The Israeli–Lebanese Ceasefire Understanding (also known as The Grapes of Wrath Understandings and the April Understanding) was an informal written agreement between Israel and Hezbollah, reached through the diplomatic efforts of the US, which ended the 1996 military conflict between the two sides. It was announced at 18:00 on April 26, 1996.

Under its terms, both sides agreed to end cross-border attacks on civilian targets, and to refrain from launching attacks from using civilian villages. The Monitoring Committee for the Implementation of the Grapes of Wrath Understandings was created, composed of representatives from the US, France, Syria, Israel and Lebanon. It convenes to monitor and discuss infringements of the understandings by the two sides.

In February 2024, it was reported that the 1996 ceasefire understanding was a model for negotiations being undertaken to end the Gaza war.

==Full text of the agreement==
The full text of the agreement and adjoining letter from US secretary of state Warren Christopher is as follows:

The United States understands that after discussions with the governments of Israel and Lebanon and in consultation with Syria, Lebanon and Israel will ensure the following:

1. Armed groups in Lebanon will not carry out attacks by Katyusha rockets or by any kind of weapon into Israel.
2. Israel and those cooperating with it will not fire any kind of weapon at civilians or civilian targets in Lebanon.
3. Beyond this, the two parties commit to ensuring that under no circumstances will civilians be the target of attack and that civilian populated areas and industrial and electrical installations will not be used as launching grounds for attacks.
4. Without violating this understanding, nothing herein shall preclude any party from exercising the right of self-defense.

A Monitoring Group is established consisting of the United States, France, Syria, Lebanon and Israel. Its task will be to monitor the application of the understanding stated above. Complaints will be submitted to the Monitoring Group.

In the event of a claimed violation of the understanding, the party submitting the complaint will do so within 24 hours. Procedures for dealing with the complaints will be set by the Monitoring Group. The United States will also organize a Consultative Group, to consist of France, the European Union, Russia and other interested parties, for the purpose of assisting in the reconstruction needs of Lebanon.
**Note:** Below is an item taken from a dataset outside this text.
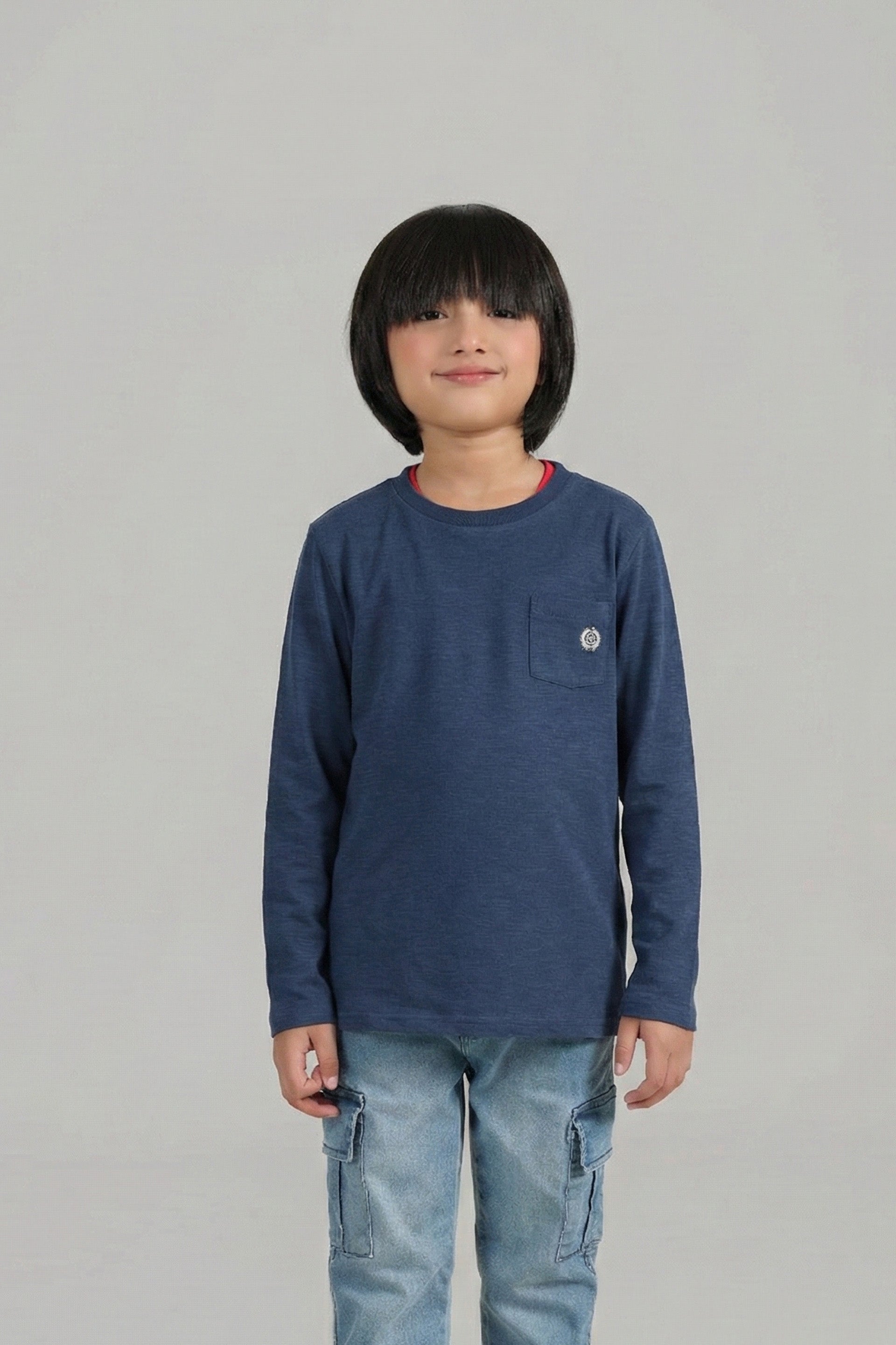 Keep it simple and stylish with this boys’ navy blue long sleeve t-shirt. Made from soft and breathable cotton fabric, it offers all-day comfort for school, play, or casual outings. Featuring a classic crew neckline, chest pocket with embroidered detail, and a relaxed fit, this versatile tee is perfect for layering or wearing on its own. Easy to pair with jeans, shorts, or joggers, it’s a wardrobe essential for every season.

It is recognized that the understanding to bring the current crisis between Lebanon and Israel to an end cannot substitute for a permanent solution. The United States understands the importance of achieving a comprehensive peace in the region.

Toward this end, the United States proposes the resumption of negotiations between Syria and Israel and between Lebanon and Israel at a time to be agreed upon, with the objective of reaching comprehensive peace.

The United States understands that it is desirable that these negotiations be conducted in a climate of stability and tranquillity.

This understanding will be announced simultaneously at 1800 hours, April 26, 1996, in all countries concerned.

The time set for implementation is 0400 hours, April 27, 1996.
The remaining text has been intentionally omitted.